If you change only the body text, func_complexity re-runs (it depends on body_text). But if you added a query that only reads param_count, it would return its cached value.
Step 4: The Wrapper/Data Pattern
In practice, you often see this pattern in Salsa projects:
- Tracked struct — provides identity ("which function is this?")
- Plain data inside — provides content ("what's in this function?")
This is what rust-analyzer does. Each function, struct, enum, and impl in the Rust source becomes a tracked struct. The content (the AST, the type, the body) is stored as plain data inside the struct.
For our tutorial, we're keeping it simpler: FuncDef is a tracked struct with a few fields. In a production system, you'd have tracked structs for every named entity, and the AST nodes would reference them by ID rather than by string.
Running
cargo run --bin ch04-tracked-structs
Key Takeaways
-
Tracked structs have identity. Unlike plain data, each instance has a Salsa ID. Two
FuncDefinstances with the same content are still different entities. -
Fields can be tracked independently. Change only the body? Queries that read
param_countdon't re-run. This is fine-grained incrementality. -
The wrapper/data pattern. Tracked struct (identity) + plain data (content). This separates "which thing" from "what's in the thing."
-
Lifetime
'db. Tracked structs can't outlive the database. This prevents stale references after mutations. -
Why not tracked structs for the entire AST? You can, and rust-analyzer does. But it adds complexity: every node type needs a tracked struct definition, helper functions need lifetime annotations, and the
Updatetrait must be implemented for all inner types. For this tutorial, we use tracked structs for key entities (functions) and plain data for the AST content.
What's Next
Chapter 5: Type Inference — The heart of the tutorial. We'll implement type inference as a Salsa tracked query and see incrementality in action. This is where everything comes together.
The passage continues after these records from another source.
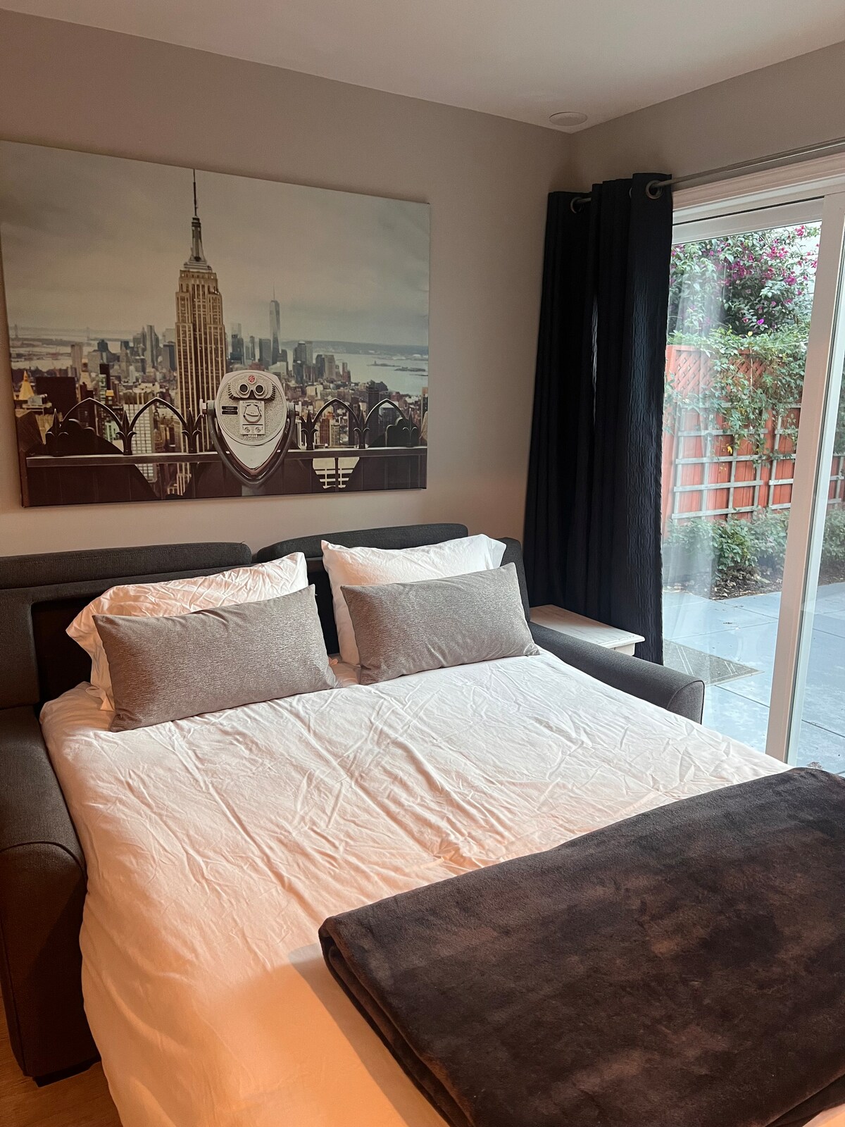 Luxury renovated studio. Top area. Designer furniture, bathroom & kitchen appliances. Private garden. Keetsa king size mattress and fine linens. Street is quiet and beautiful, but the neighborhood (Fillmore, Union, Chestnut, Polk St) is bustling w/ restaurants, cafes, bars & shops. SF's sights are moments away via public transport or Uber/Lyft. Walk score 95/100. We ask that you please have a look at our house rules/additional rules. Thank you!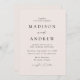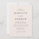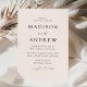 Faire-part de mariage minimaliste et moderne avec vos détails mariages en lettres noires avec accents de script de calligraphie. L'arrière - plan crème peut être changée en couleur de votre choix. Conçu pour coordonner avec notre collection de mariages Modern Elegance.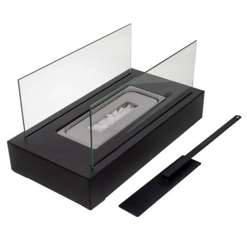 Include tutto il necessario per l’utilizzo immediato: serbatoio in acciaio con fibra ceramica assorbente per una combustione più duratura (fino a 60 minuti con 250 ml di bioetanolo). Montaggio semplice e veloce, senza bisogno di attrezzi. Protetto con schiuma per il trasporto sicuro e fondo antiscivolo per proteggere i mobili.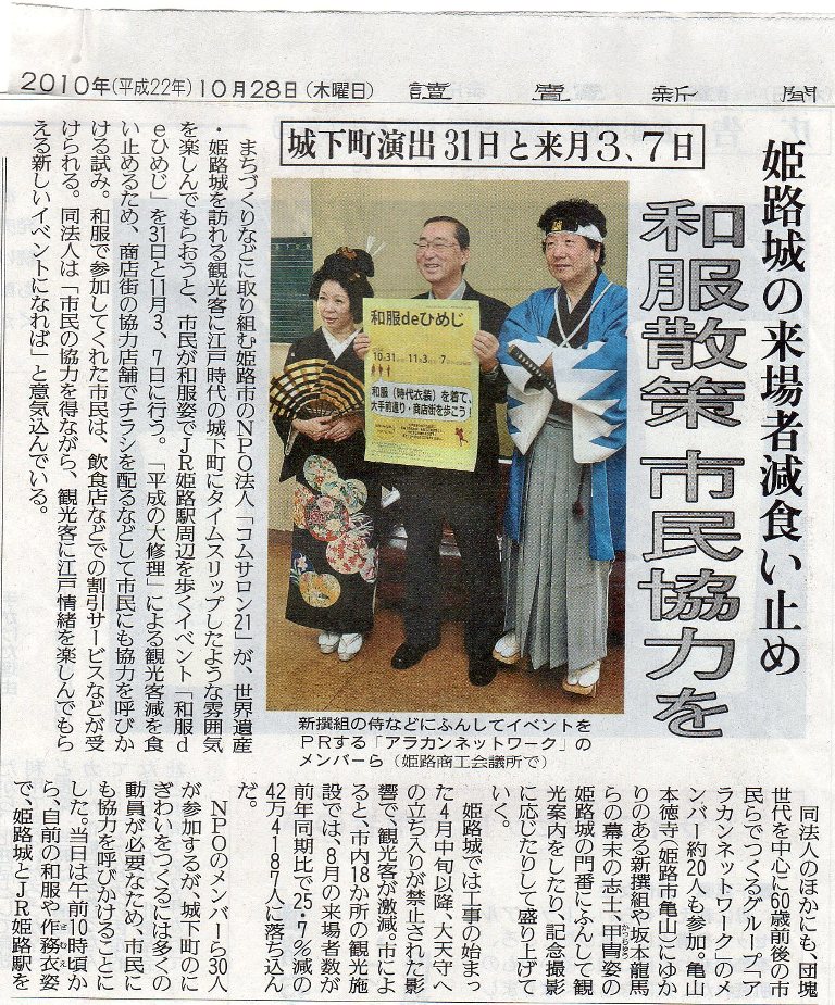 秋の姫路観光キャンペ−ン、大阪駅前地下ディアモ−ルに参加、姫路観光のために汗する。エヘン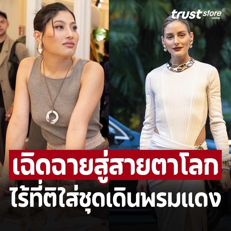 โอลิเวีย พาเลอร์โมสวมชุดสีขาว สง่างามด้วยบอดี้สูทแขนยาว ผ้าเจอร์ซีย์แนบตัว สวมทับด้วยกระโปรงยาวผ่าสูง โดดเด่นด้วยเทคนิคการจับเดรปประณีต ทิ้งชายผ้าพลิ้ว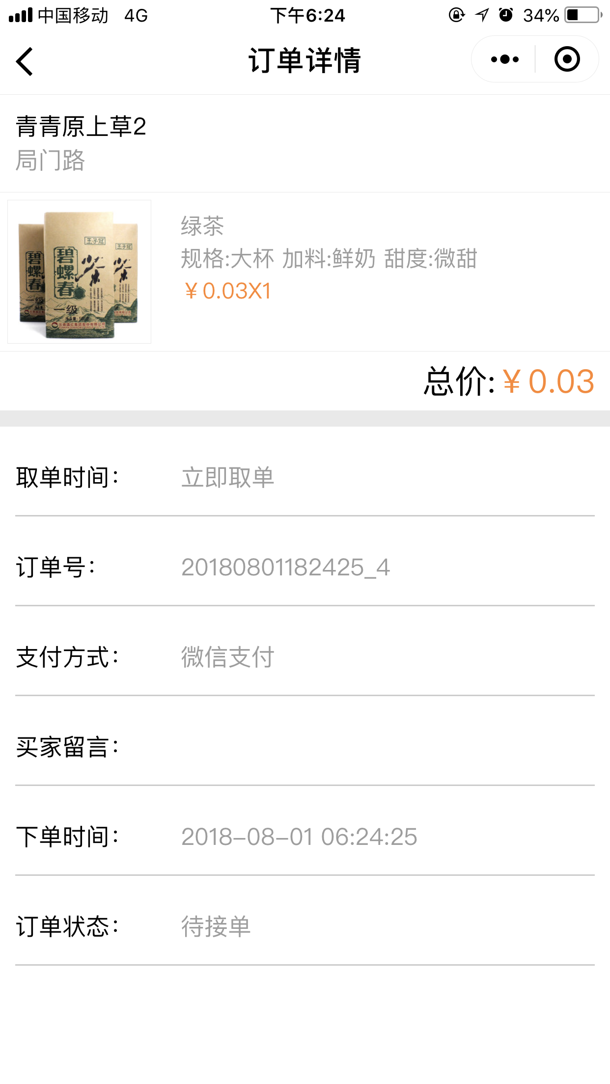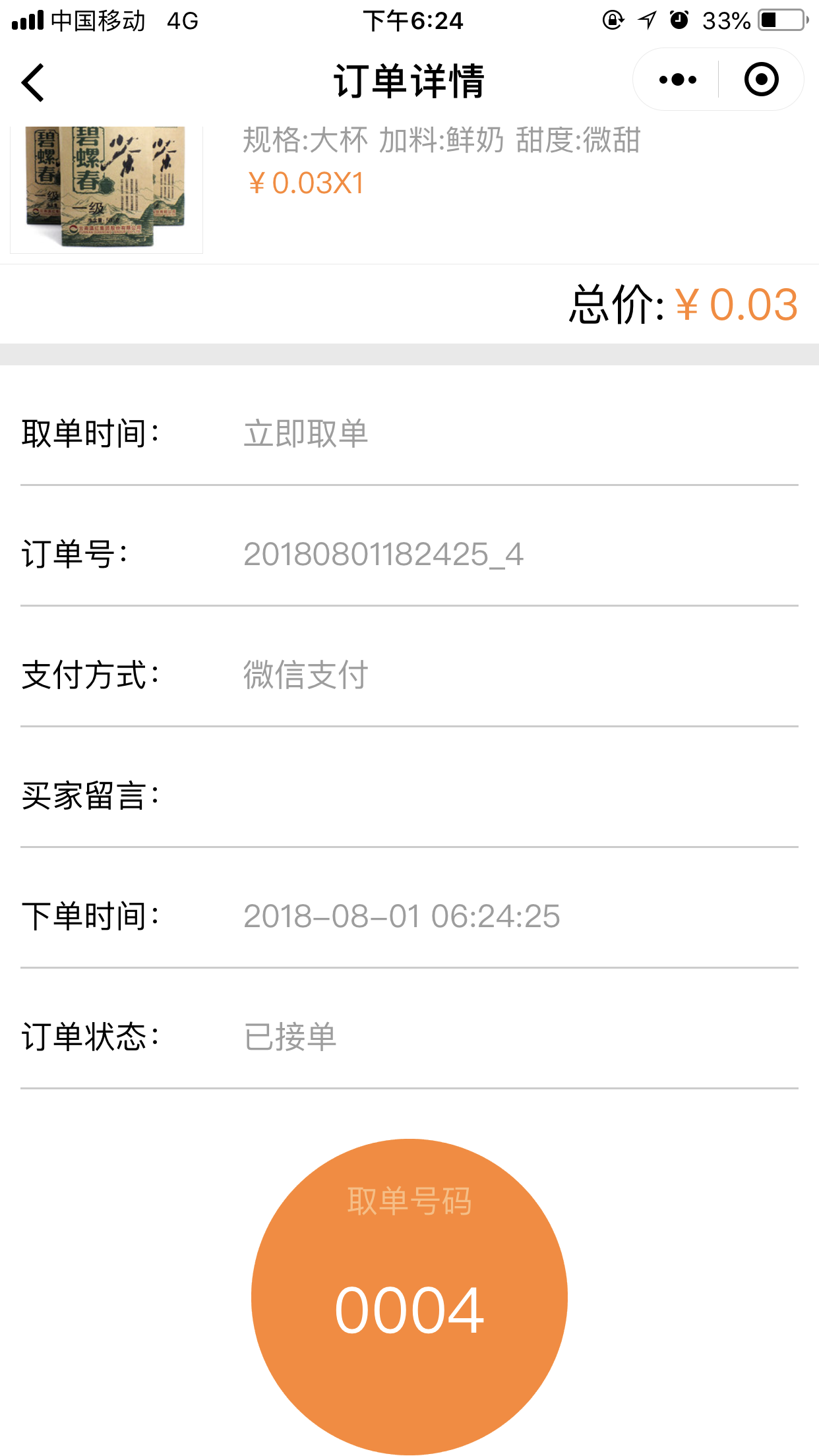 4.在前臺,用戶點(diǎn)擊“開始點(diǎn)單”可以根據(jù)位置匹配到最近的店面,并且可以選擇取餐的方式“立即取餐”或“稍晚取餐”,進(jìn)入點(diǎn)單列表頁我們添加菜品時,可以選擇我們在后臺添加的“配料”、“口味”、以及“規(guī)格”等,選擇完畢之后,點(diǎn)擊“去結(jié)算”跳轉(zhuǎn)到提交訂單頁面,取單時間根據(jù)用戶的選擇會顯示為“立即取單”或者為“取單的時間點(diǎn)”,提交訂單后,會跳轉(zhuǎn)到“訂單詳情”頁面,當(dāng)商家在后臺點(diǎn)擊“接單”接單后,會有“取餐碼”顯示出來,如圖所示: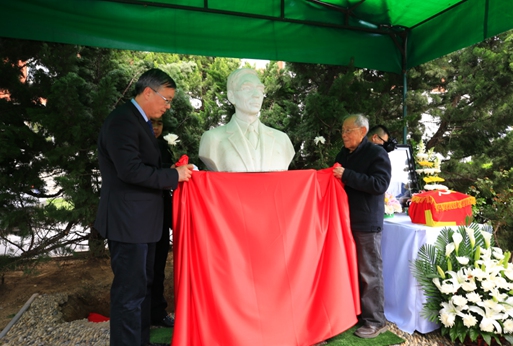 在郭永怀和李佩先生合葬仪式上,力学所郑哲敏院士、力学所秦伟所长共同揭碑。“一对伉俪,两种传奇;怀瑾佩瑜,师表后继”的碑文赫然在目。集体默哀后,两位先生的骨灰合葬在塑像下。最后大家在塑像前鞠躬致敬,向两位先生献花以表哀思。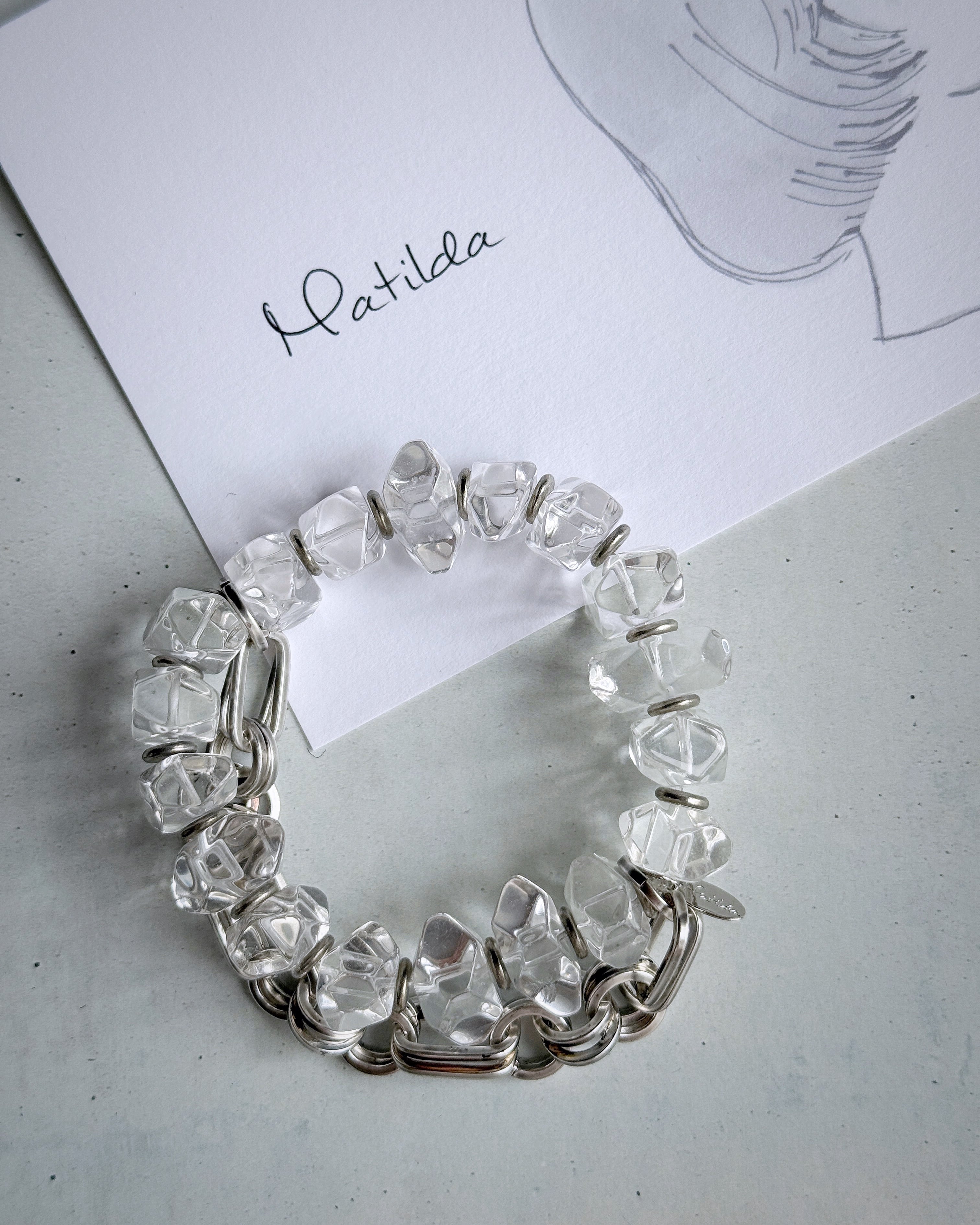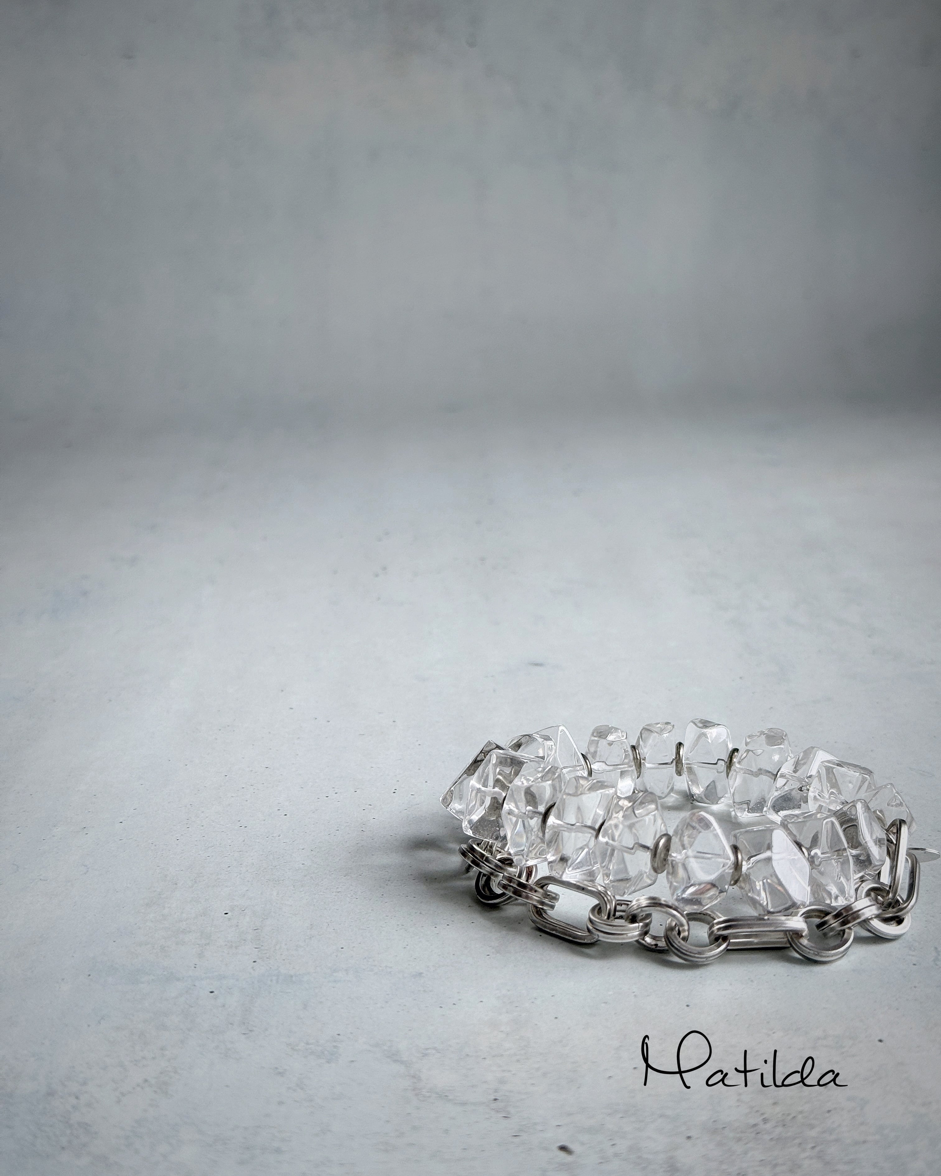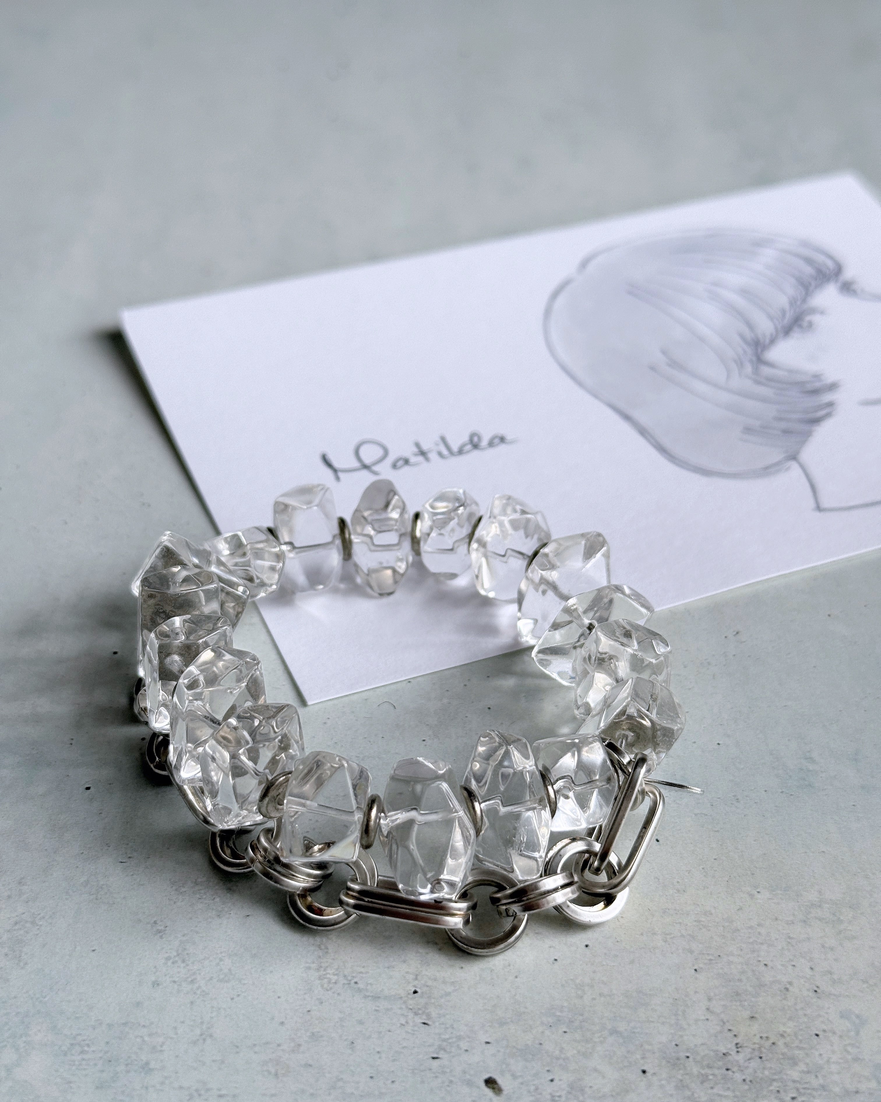 メタルビーズを合わせた透き通るクォーツのラフロックを、2連のパーツが存在感のあるシルバーの真鍮チェーンとペアリング。

Chapter 5: Type Inference — The Core Query
The heart of the tutorial: implement type inference as a Salsa tracked query and see incrementality in action.
What You'll Learn
- How gradual typing works: types where you want them, flexibility where you don't
- How to implement type inference as a Salsa tracked query
- How recursive tracked queries work (each call is memoized independently)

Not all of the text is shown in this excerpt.